2019年8月15日 (木)

遠くて近かった「シークレット・スーパースター」

御無沙汰しております。

すっかりTwitterで遊んでいる闇鍋奉行です。

このところインド映画にすっかりはまり、ようやく第二の青春を謳歌。

…息子も娘も、元気で、きちんと納税者になっていますので、恥さらしを是とするこの日記に書く事もなかったのですが

今年8月9日から公開のボリウッド映画「シークレット・スーパースター」で、ちょっと思うところがありまして。

インドの片田舎に住むムスリムの少女・インシアは、歌を歌うのが大好き。

いつかスターになりたいのに、父親は「無学な女は貰い手が無い」と、学校の勉強だけ専念しろという。

この父親、妻に居丈高ですぐに暴力を振るう。

娘に対しても、言いなりになればいいのだが、自我を出すことなど許さない。

コンテストにも出られない…そこで彼女が始めたのは、ブルカを被って顔を隠し、自分の歌をyoutubeで聴いてもらう事…

 

と、予告編だけ観ていたら、ムスリムの世界で暮らす天才少女のサクセスストーリー、大スターアーミル・カーンがプロデューサーシャクティ・クマールとして、きっと彼女を猛特訓してスターに…(『ダンガル』では、この二人は娘に自分の夢を託すレスリングの鬼父と、最初は無理やりやらされていたけど、強い意志で頂点を目指す娘を演じていたのだ)というのを想像していたのだけど、ずいぶん違った。

まず、アーミル・カーン演じるシャクティ・クマールが魅力的すぎるクズ男であったww

「きっと、うまくいく」や「ダンガル」「チェイス」「ロボット」などでしか存じ上げないインド映画初心者だが、どちらかというと堅物っぽいキャラクターを得意とする人だとイメージしていたけど、もう、このシャクティ・クマールがたまらなく面白い。

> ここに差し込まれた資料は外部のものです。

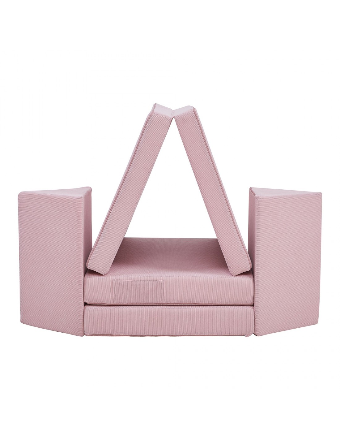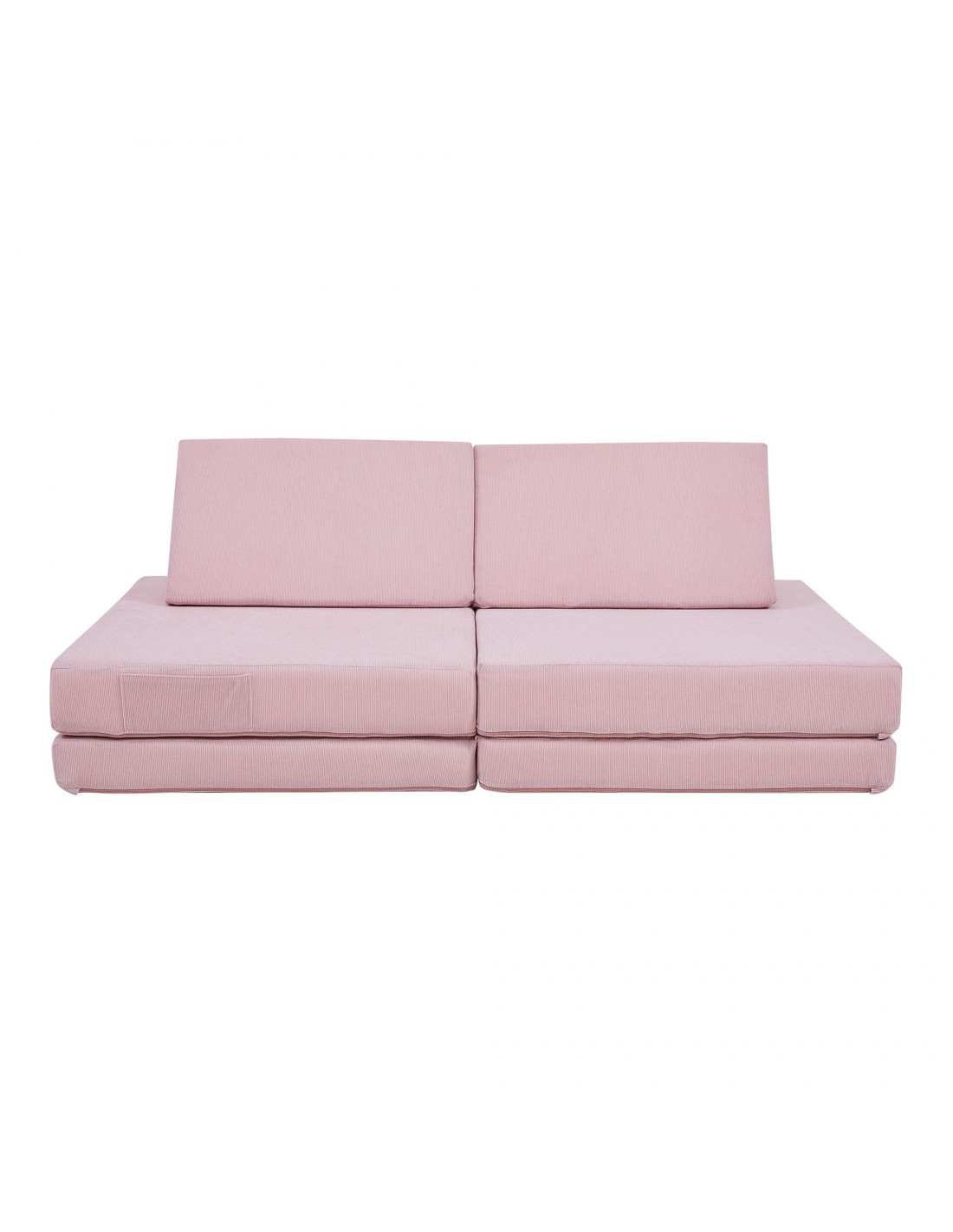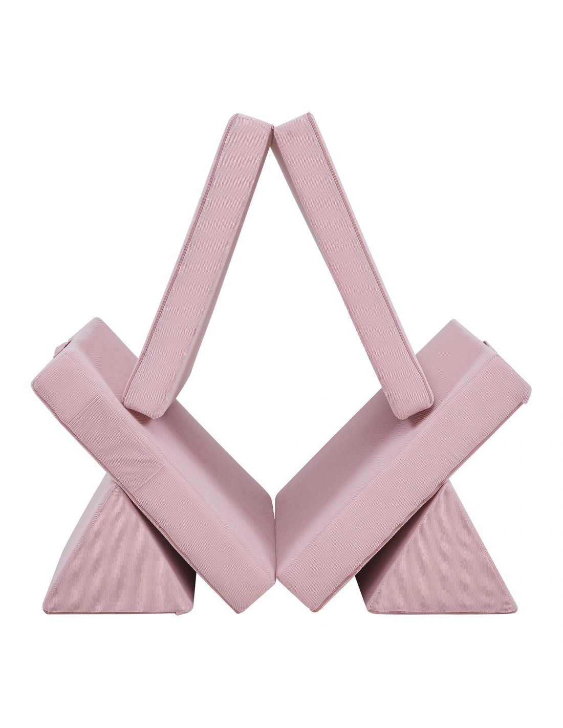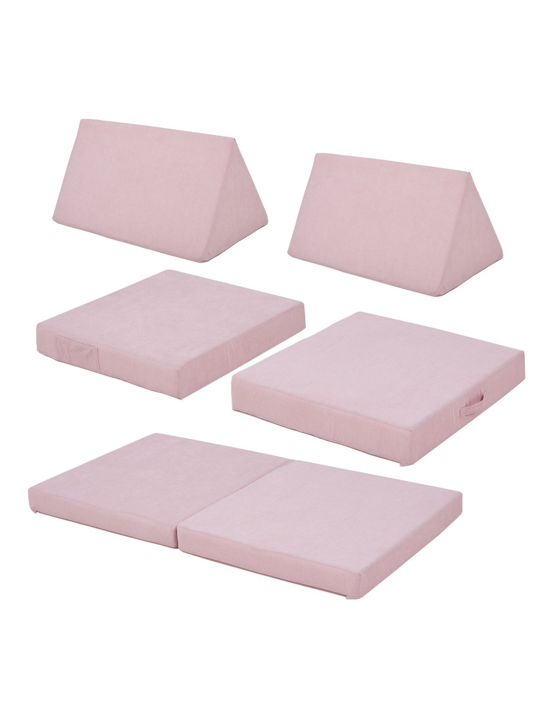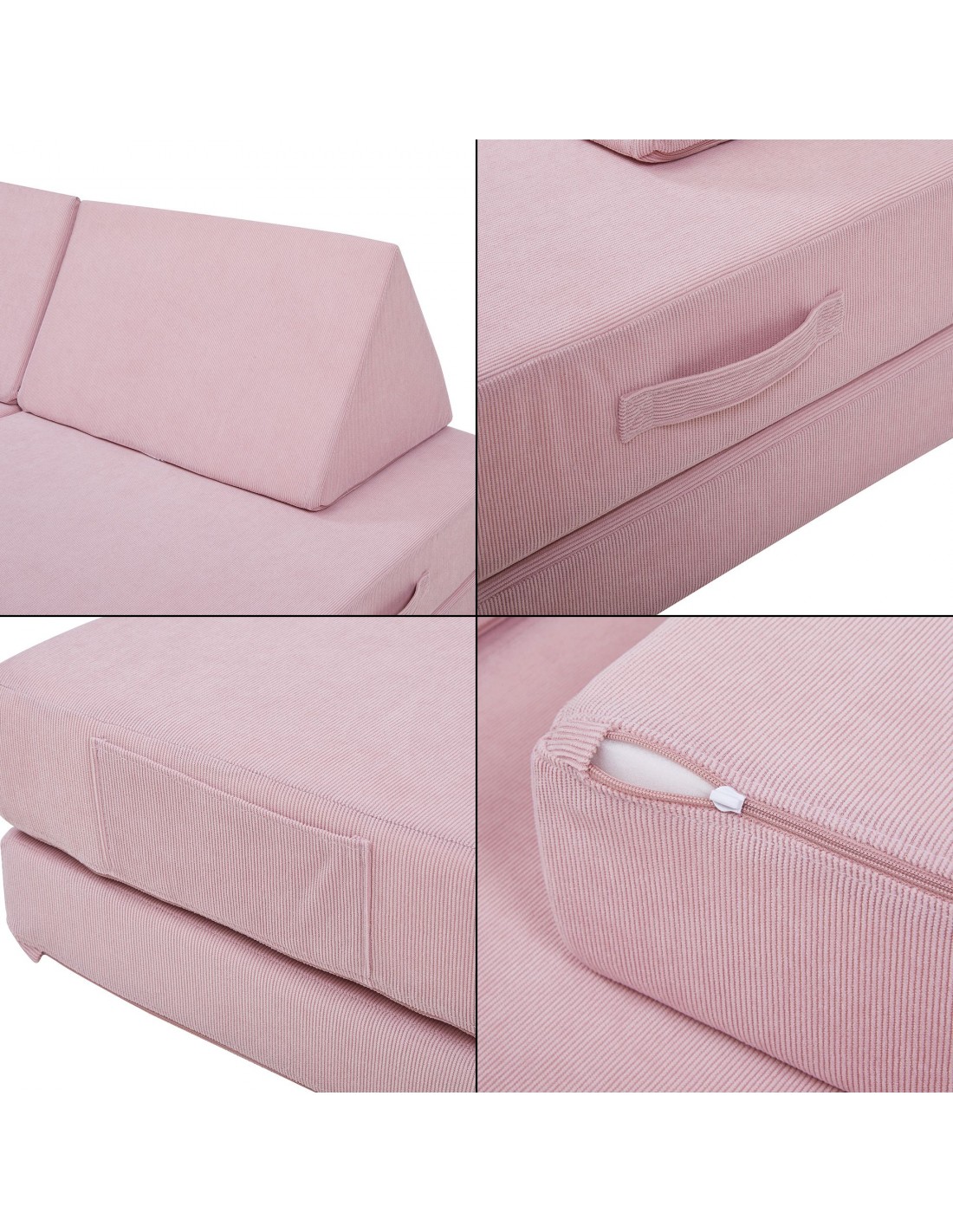 Tumle børnesofa udført i et design af rosa corduroy polyester med skumfyld. Opsæt sofaen efter ønske, og lad børnene lege med de forskellige moduler. Opsættes sofaen som en sofa, så måler den 120 x 66 cm i bredde og dybde.

チャラッチャラで女好き、才能はあるのだろうけど何か変w

離婚係争中の妻とのやりとり…って、これそして実質一人芝居なのだけど、本当に凄かった。

爆笑、爆笑の連続。

そして「シークレット・スーパースター」という題に込められた、本当の意味とは。

 

★ ★ ★

ここから先は、ネタバレと自分語りです。

★ ★ ★

インシアの父が本当に酷いDV親父で、ひたすら恐怖。

…いや待てよ…

これ、私の父そのものではないか(;^_^A

遠い国、違う文化の世界の物語なのだけど、振り返れば、私の15歳くらいのドキュメンタリーかという話だったw

いやー、この父の酷い行動、リアルですよ。

本当に私、これ一通りやられましたからw

夜寝ていて、キーボードを投げつけられましたしね(;^_^A

いや、一応それでも父は私に優しく、夢を応援してくれていたのだとは思うのだけど、母を人前でも罵る、手を出す、食べ物をぶちまける…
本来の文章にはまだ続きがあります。